[Start of Attachment]

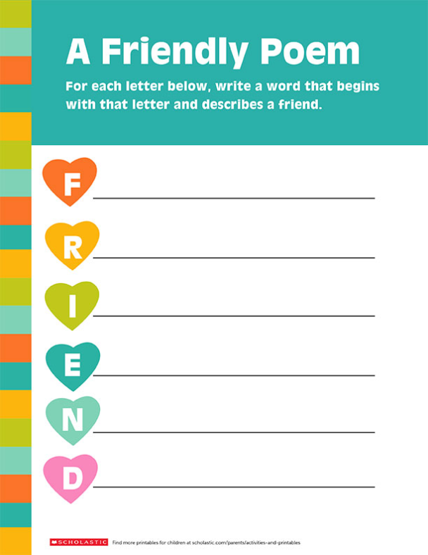 When we have friends in our life, it's always nice to show our appreciation for them from time to time. Let the kids make friendship poems to share with their buddies. They'll make their friends feel special and build writing skills at the same time.
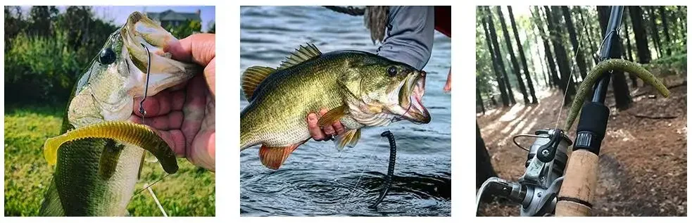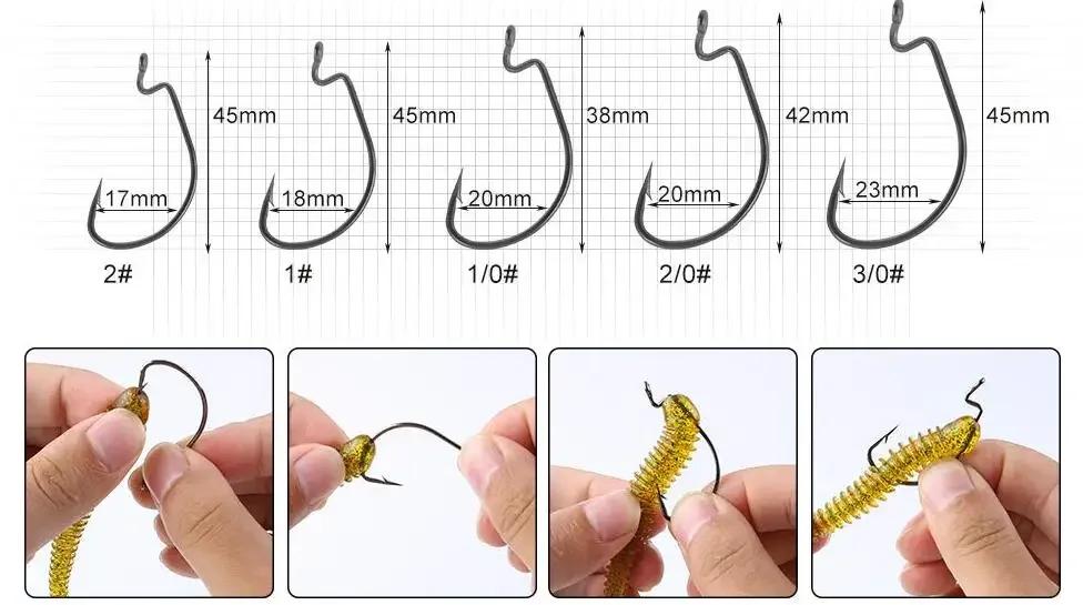 5. Mano de obra fina, no se oxida, permanece afilada y cumple con los estándares, aparejo con gusanos y otros cebos blandos de goma y plástico.
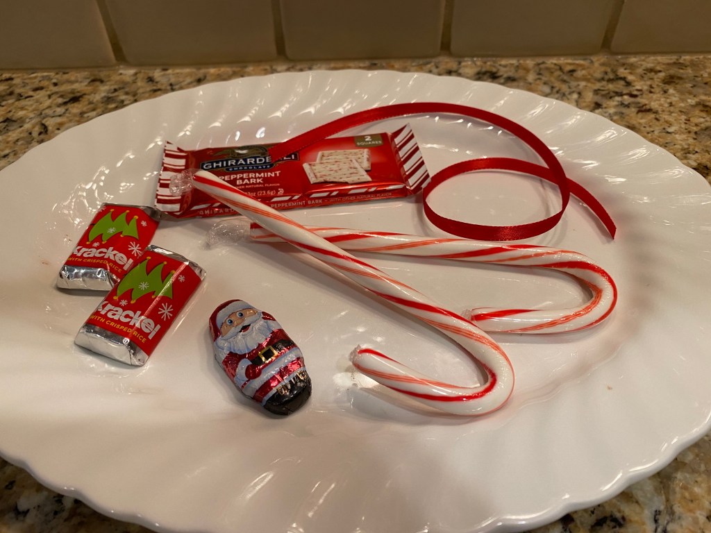 - Place the Santa on the Ghirardelli bar in front of the mini chocolates

[End of Attachment]

Assignment ▸ Omitting all pictures, give the preceding listing again exactly.

Response ▸
 When we have friends in our life, it's always nice to show our appreciation for them from time to time. Let the kids make friendship poems to share with their buddies. They'll make their friends feel special and build writing skills at the same time.
 5. Mano de obra fina, no se oxida, permanece afilada y cumple con los estándares, aparejo con gusanos y otros cebos blandos de goma y plástico.
 - Place the Santa on the Ghirardelli bar in front of the mini chocolates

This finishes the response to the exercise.